EXTRACTED DATA Start Marker
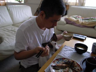 微量のおこぼれを期待して、犬がひざのうえに居座ることがあります。
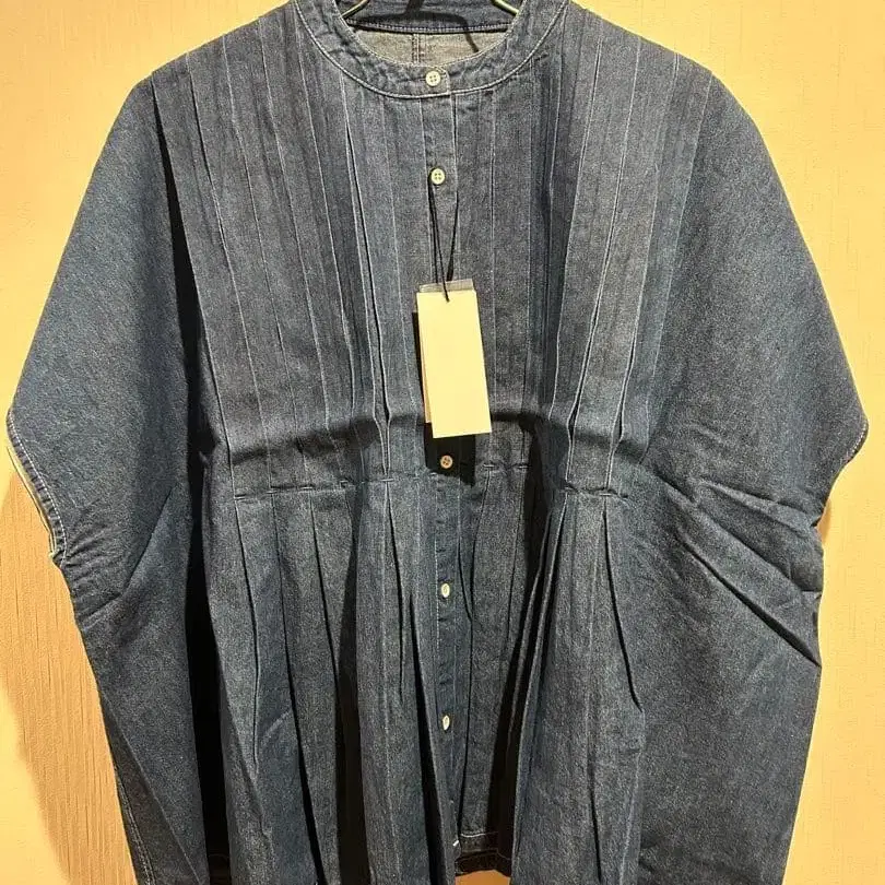 45R 인디고 자수 플리츠 블라우스 데님 셔츠
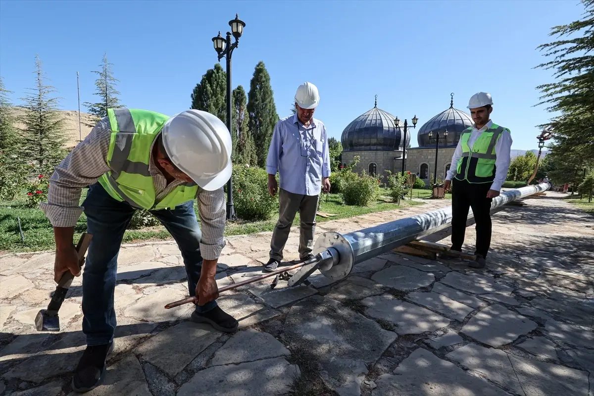 Malatya’nın Darende ilçesindeki Hasan Gazi Türbesi ve Şehitlik Anıtı’na 50 metre yüksekliğinde bayrak direği yerleştirildi.
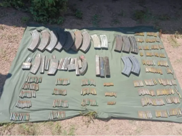 Elementos del grupo interinstitucional aseguraron una cubeta con cargadores y cartuchos en el poblado Batopito, municipio de Badiraguato.
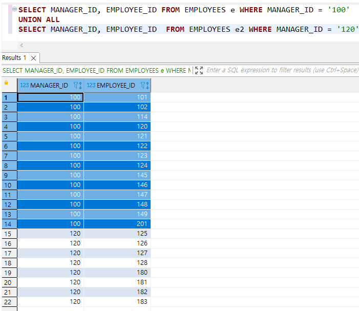 Union UnionAll은 같은기능이지만, 중복값을 제거 하느냐 안하느냐 차이이다. UnionAll은 중복값을 제거하지 않는다!
EXTRACTED DATA End Marker
[EXERCISE GOAL] For this exercise, write out exactly the lines from the one with "Elementos del grupo" through the last line of the records, inclusive, and leave each picture out.

[FINISHED TASK]
 Elementos del grupo interinstitucional aseguraron una cubeta con cargadores y cartuchos en el poblado Batopito, municipio de Badiraguato.
 Union UnionAll은 같은기능이지만, 중복값을 제거 하느냐 안하느냐 차이이다. UnionAll은 중복값을 제거하지 않는다!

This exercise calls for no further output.